I wanted to quit in the worst way in the middle of the summer but my mother wouldn't let me. Mom told me if I quit I'd be completely on my own...no car, no spending money, no nothing all summer long. So that made it really satisfying come the first Saturday of September, when I told her I couldn't balance working at KMart along with running cross country and my senior year studies. (wink wink) She told me it was OK if I quit. I never drove to the store so fast in my life. The personnel manager tried telling me how much I'd regret this and I was like OK whatever I will never see you again.
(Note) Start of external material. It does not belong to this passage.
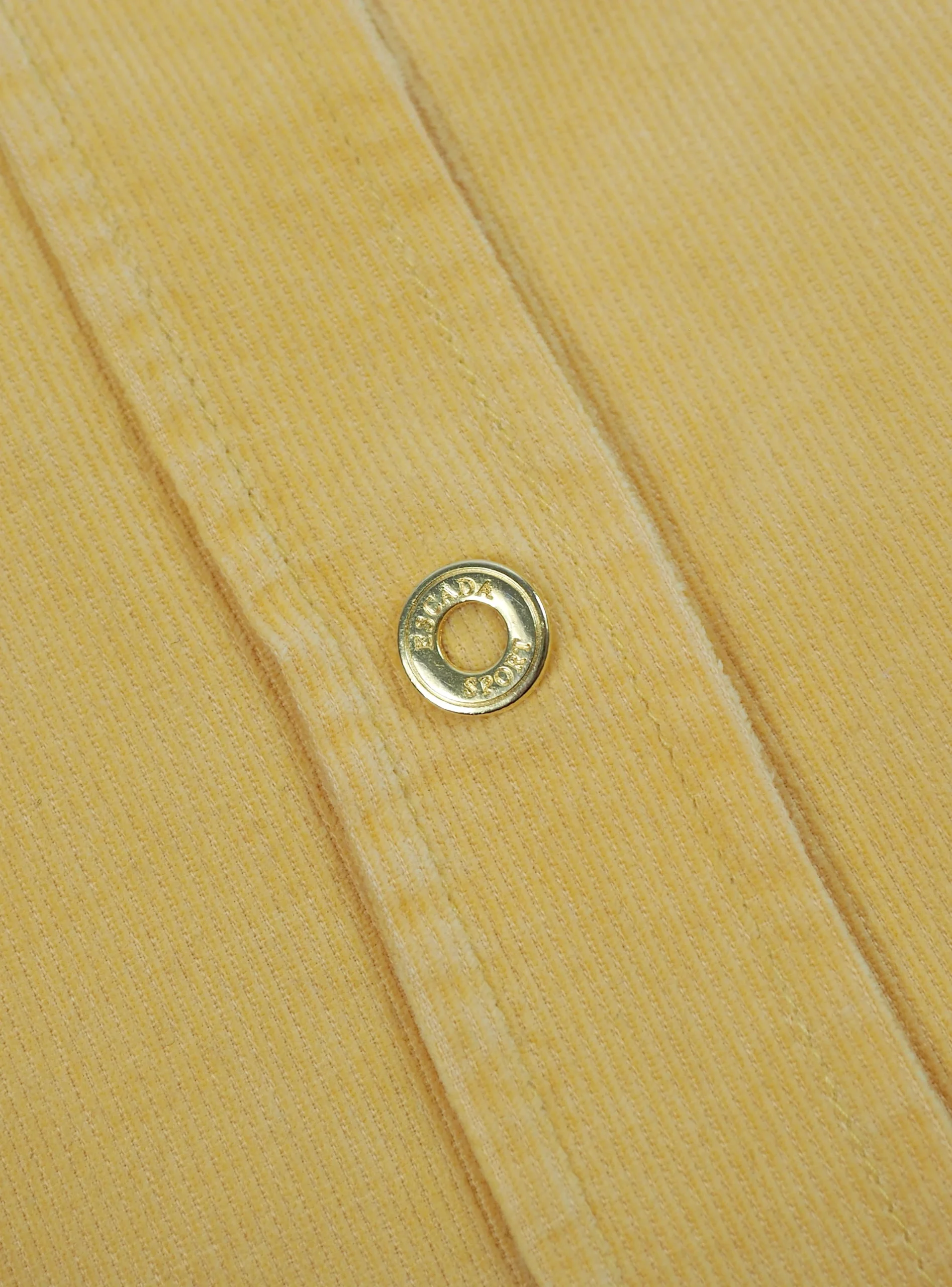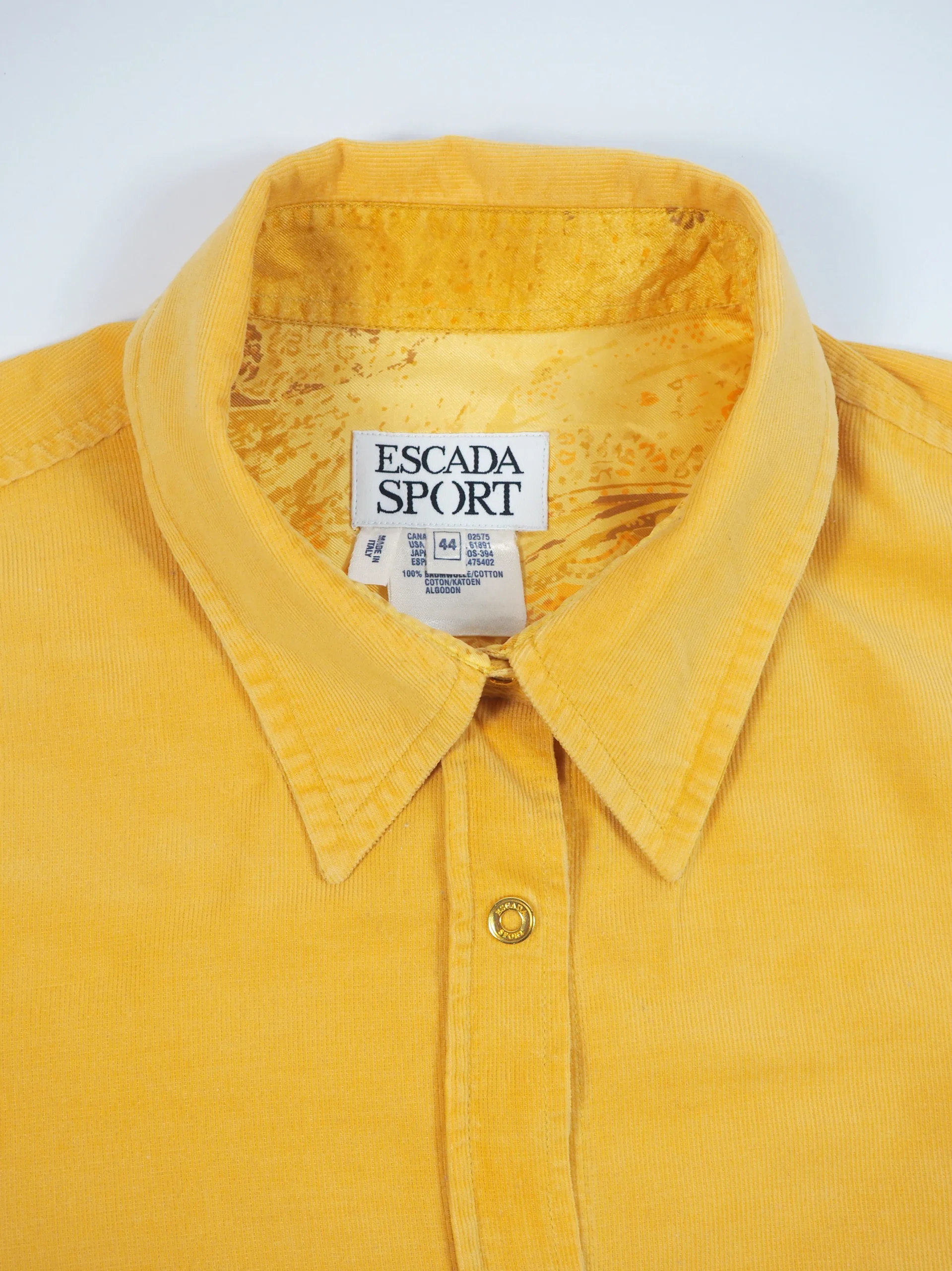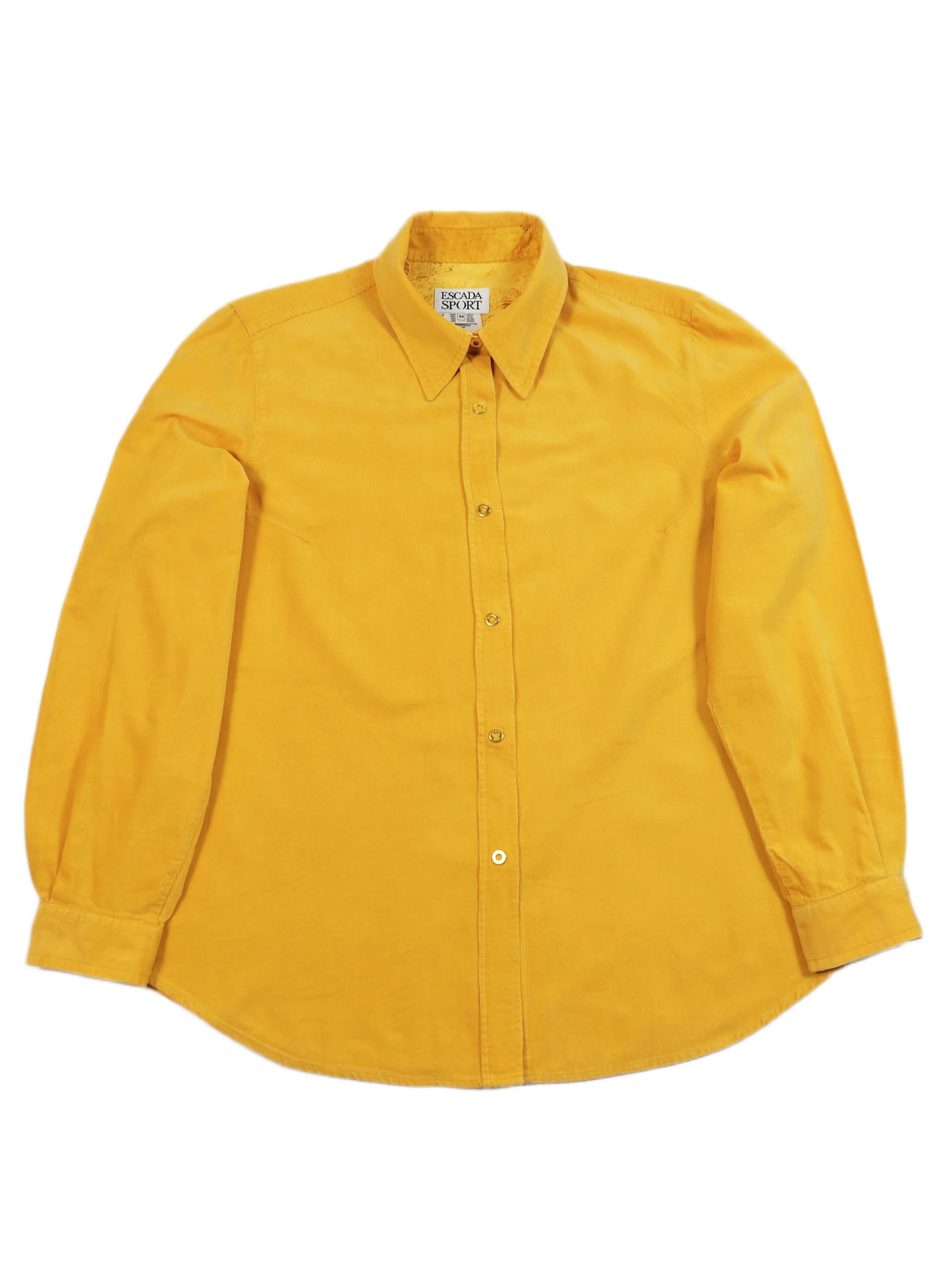 Camasa vintage Escada din reiat, intr-o nuanta vibranta de galben solar, croi usor cambrat cu maneca lunga si mansete clasice, guler structurat si inchidere frontala cu capse metalice aurii gravate Escada Sport, interior cu detalii printate discrete, piesa statement , cu aer sporty-lux si influente casual rafinate.

I was determined to not only never work in retail full-time as an adult, I was determined that I'd never do that again, anywhere, and that the next gig I had would pay me to write. I was right.

I bought a couple CDs with my last check (Bad Company's Holy Water was one of them) and, instead of hating life at KMart for nine hours, dozed on the bed during a cloudless early fall day as the CD played all afternoon long. Man, that was as good as it got.